(Stored items)
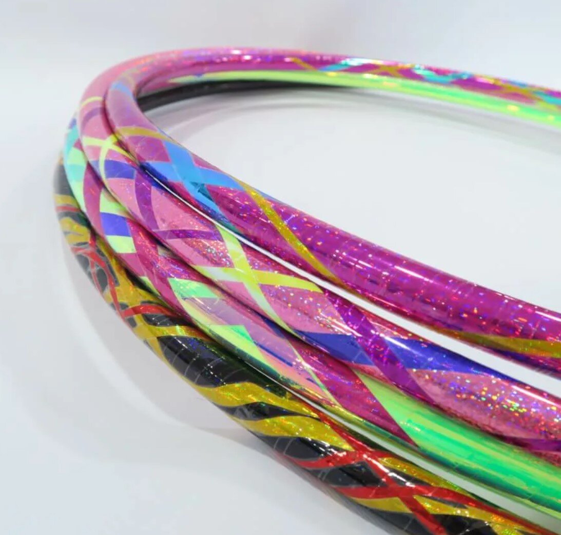 Спортсменки в художественной гимнастике используют 5 различных предметов для выступлений. Это булавы, лента, скакалка, мяч и наш сегодняшний герой - обруч. Обруч ценится за его простоту и лёгкость в освоении. Это один из первых предметов, с которыми начинают выступать маленькие спортсменки. Но профессионалы высокого класса ценят его всё за ту же простоту и податливость. Обруч делают из полиэтиленовой трубки, он получается эластичный. Размер предмета измеряют по внутреннему диаметру. Максимум - 90см, больше не делают. Выбирают обруч под рост гимнастки. В идеале он должен быть точно до косточки бедра. Обычно новый обруч покапают каждые 1,5 - 2 года. Как я уже говорил, хороший обруч эластичен. Он подобно мячику отскакивает от поверхности и ощутимо сгибается, если надавить. Это его свойство чрезвычайно важно, нужно позаботится, чтобы предмет сохранил свою эластичность. Важно не деформировать обруч при хранении и проявлять аккуратность при транспортировке. Лучше, чтобы он лежат горизонтальн
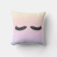 Long black eyelashes with eyeliner on a pair of closed eyelids on a soft textured pink and yellow background.
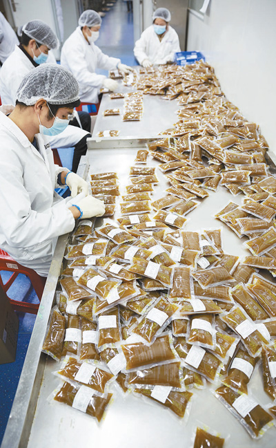 3月2日,湖北武漢一家中藥公司,工人正在為灌裝好的中藥貼上標簽。據悉,該公司在疫情期間,按照國家衛生健康委辦公廳和國家中醫藥管理局辦公室聯合印發的《新型冠狀病毒肺炎診療方案(試行第六版)》中推薦的藥方,為武漢市7家醫院、10個方艙醫院等單位生產、煎煮和配送中藥湯劑。記者 張武軍攝
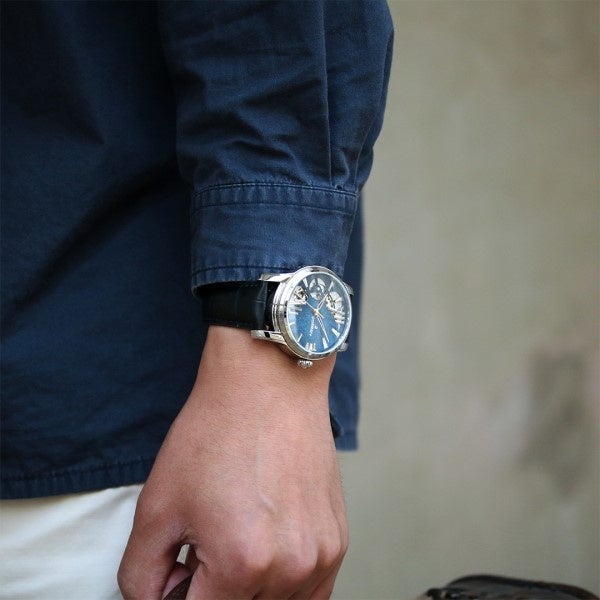復活を記念したチックタック別注モデルを限定30本ご用意。波模様が施されたメタリックブルーのサンレイ文字盤は、高級感と洗練された印象を与え、ゴールドの針が更なる高級感と視認性をアップさせています。また、ネイビーレザーのベルトにはネイビーステッチが施され、文字盤の色とマッチして統一感があり、型押しのクロコパターンが上品さを引き立てます。こちらのモデルは特別にメタルベルトも付属します。普段使いはもちろん、特別な日の装いにも最適です。
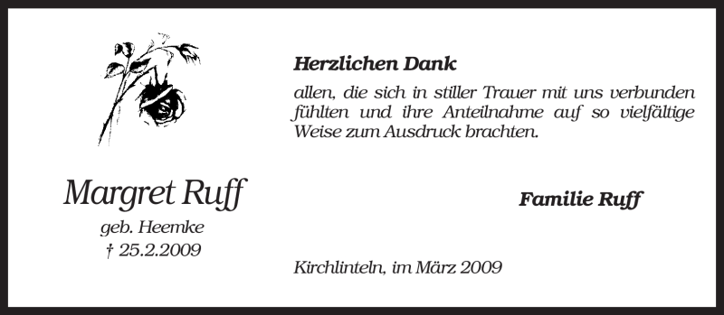 Hier finden Sie alle Traueranzeigen aus der Zeitung, die bisher für Margret Ruff erschienen sind. Weitere Traueranzeigen, die in der Zeitung erscheinen, werden hier ebenfalls aufgelistet
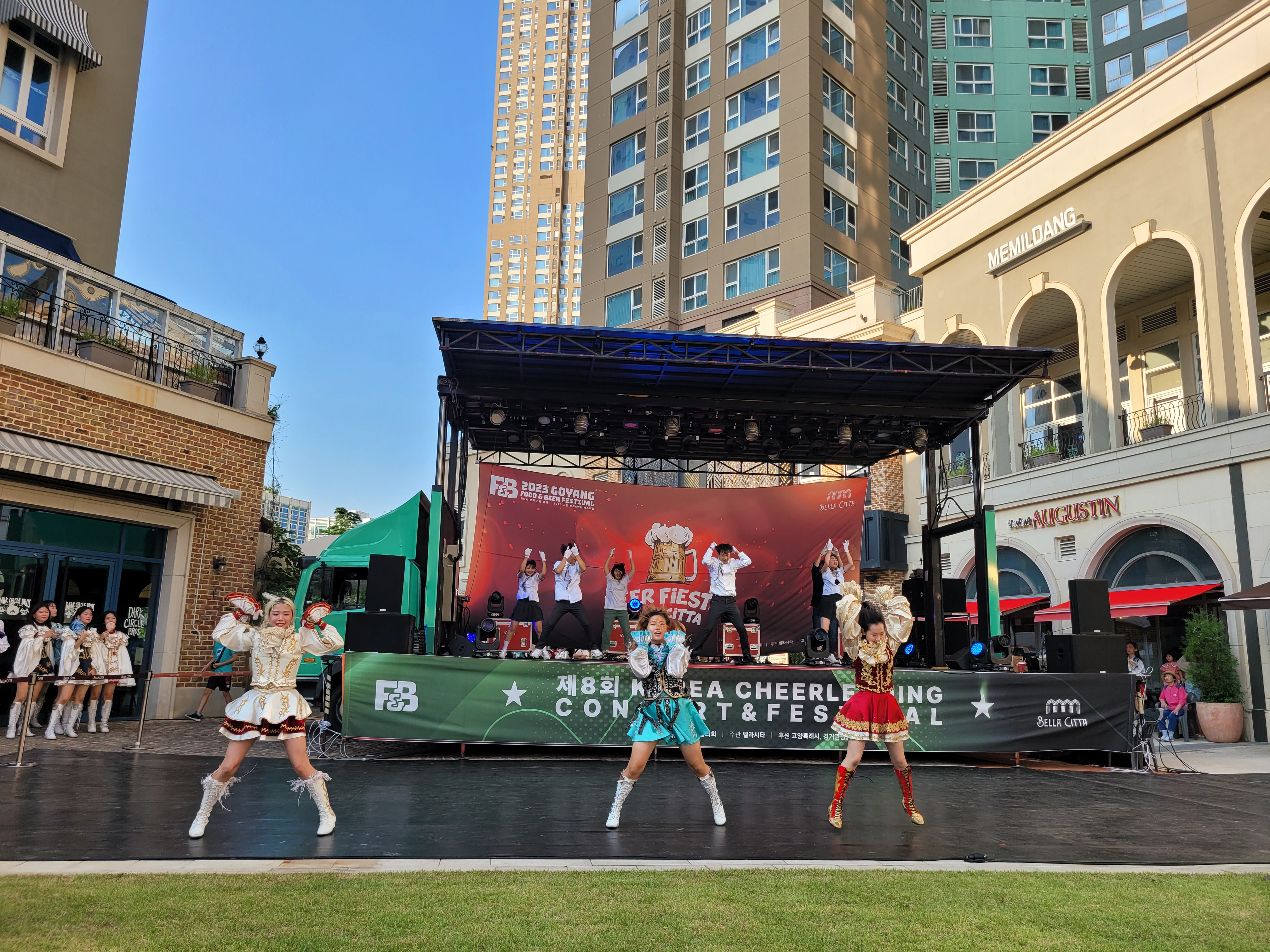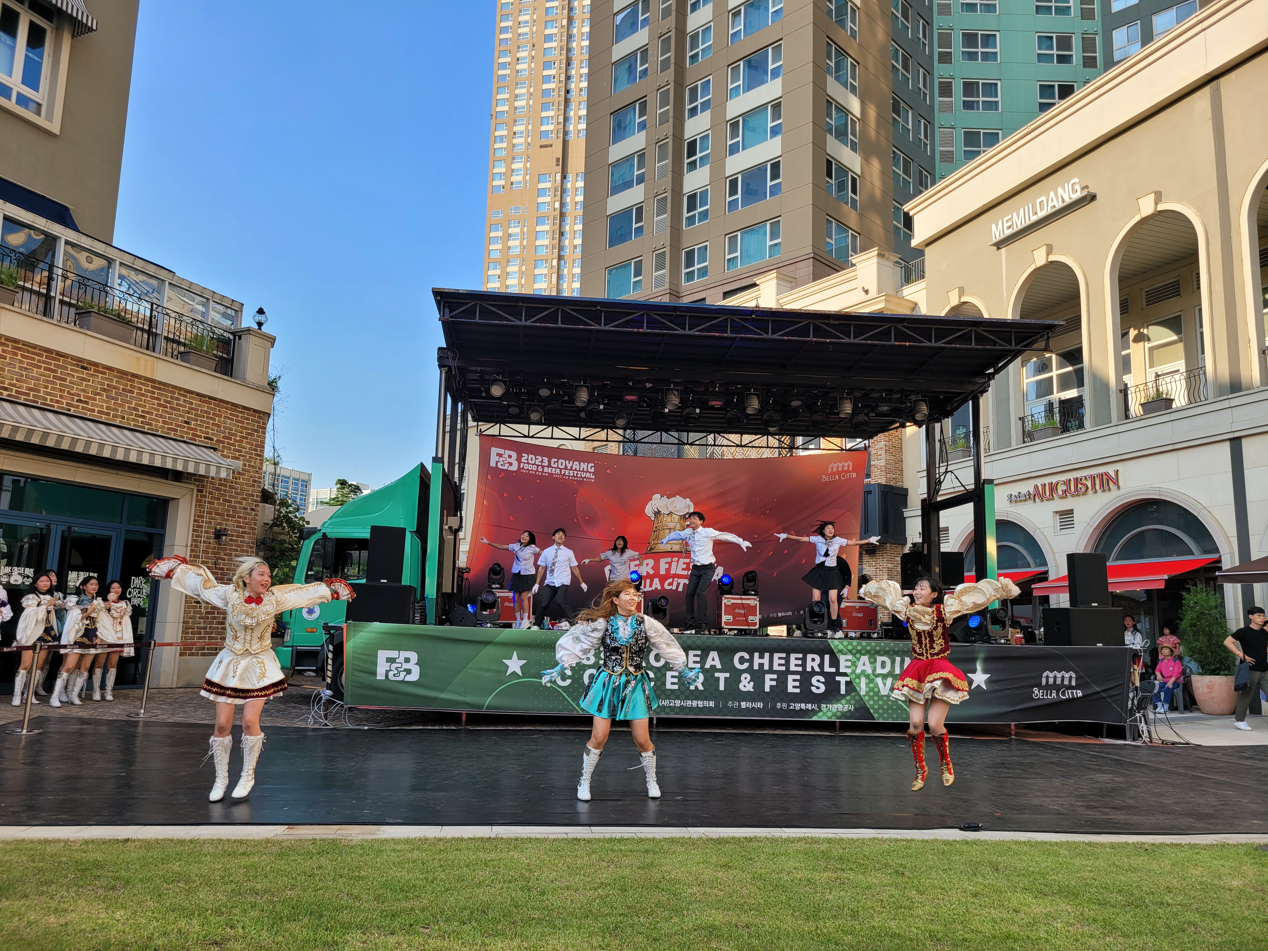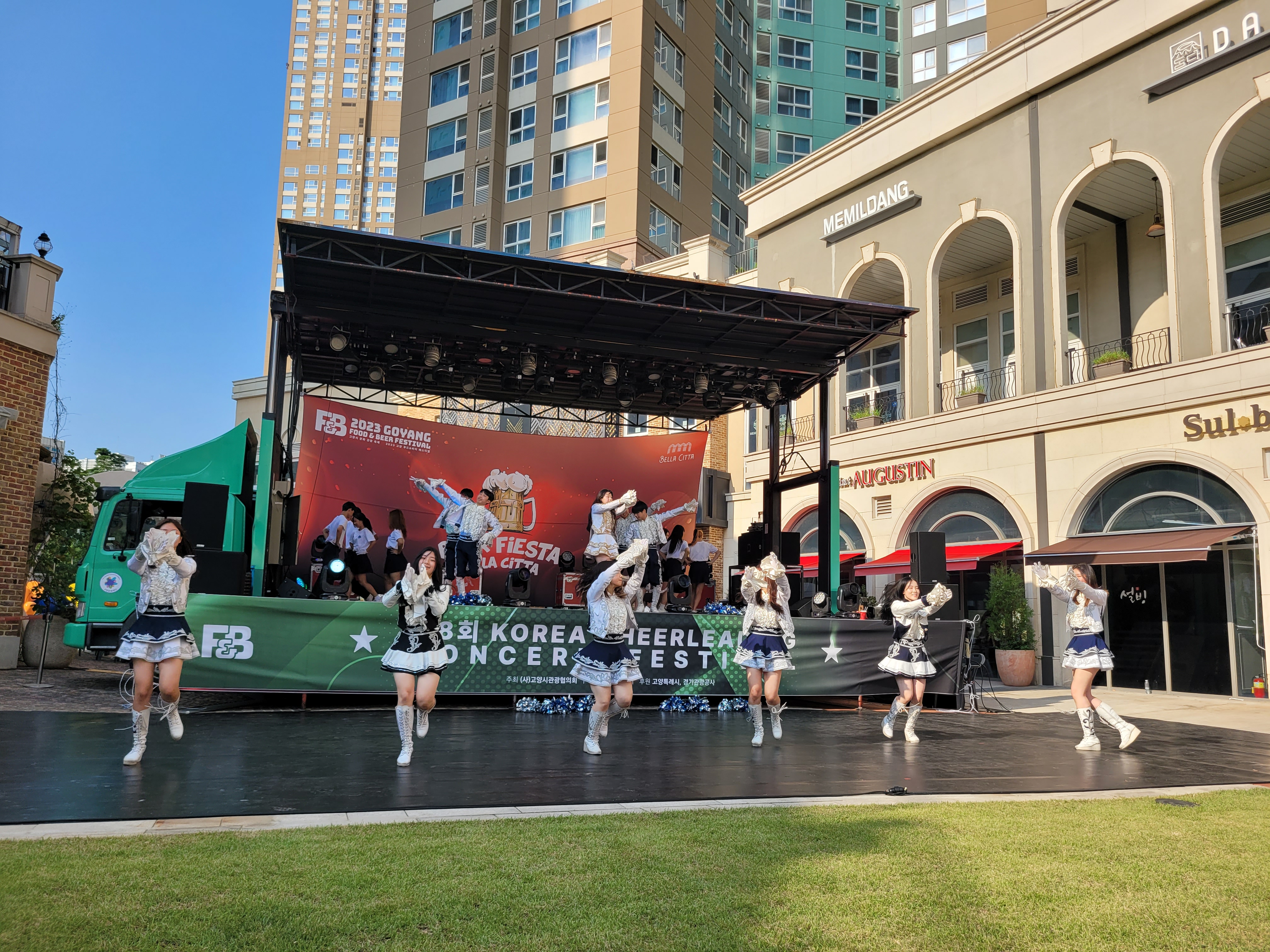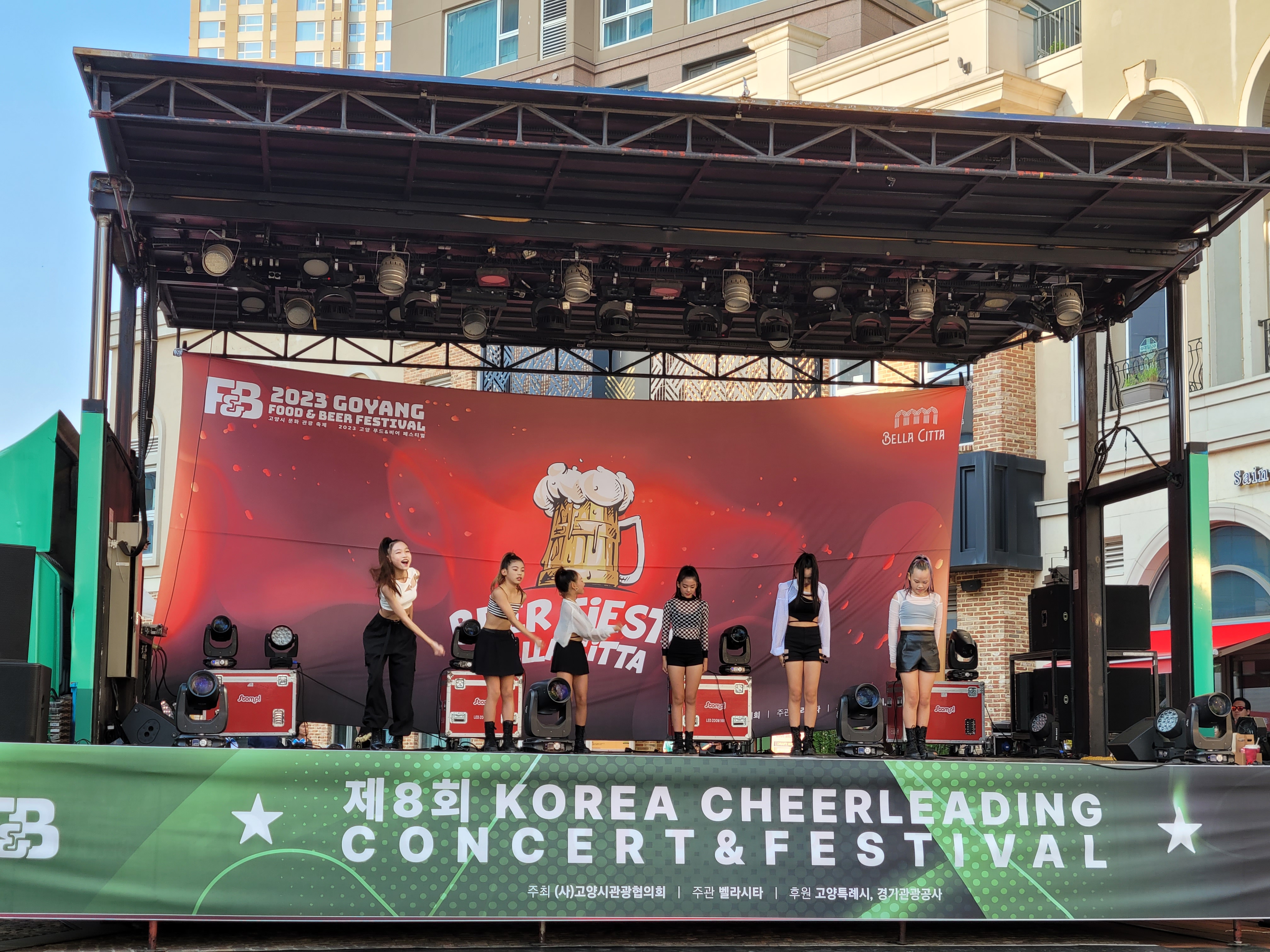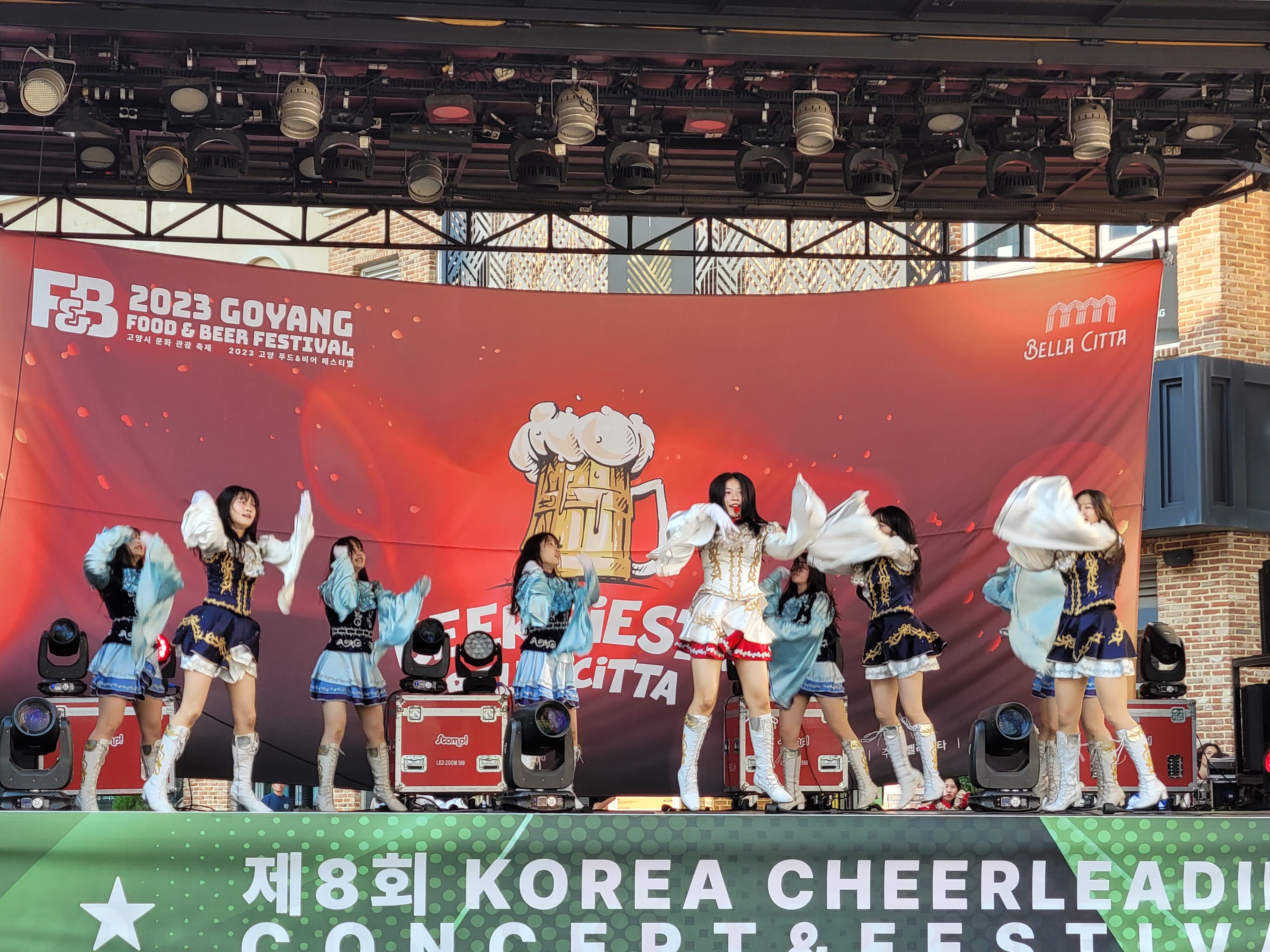 무대에서 열리는 각 대학의 치어리더들의 멋진 치어리딩 공연으로 정말

_Activity:_ Which lines run from the one that holds "3月2日,湖北武漢一家中藥公" to the final line of the records above? Return them exactly, and skip the pictures.

_Exercise output:_
 3月2日,湖北武漢一家中藥公司,工人正在為灌裝好的中藥貼上標簽。據悉,該公司在疫情期間,按照國家衛生健康委辦公廳和國家中醫藥管理局辦公室聯合印發的《新型冠狀病毒肺炎診療方案(試行第六版)》中推薦的藥方,為武漢市7家醫院、10個方艙醫院等單位生產、煎煮和配送中藥湯劑。記者 張武軍攝
復活を記念したチックタック別注モデルを限定30本ご用意。波模様が施されたメタリックブルーのサンレイ文字盤は、高級感と洗練された印象を与え、ゴールドの針が更なる高級感と視認性をアップさせています。また、ネイビーレザーのベルトにはネイビーステッチが施され、文字盤の色とマッチして統一感があり、型押しのクロコパターンが上品さを引き立てます。こちらのモデルは特別にメタルベルトも付属します。普段使いはもちろん、特別な日の装いにも最適です。
 Hier finden Sie alle Traueranzeigen aus der Zeitung, die bisher für Margret Ruff erschienen sind. Weitere Traueranzeigen, die in der Zeitung erscheinen, werden hier ebenfalls aufgelistet
 무대에서 열리는 각 대학의 치어리더들의 멋진 치어리딩 공연으로 정말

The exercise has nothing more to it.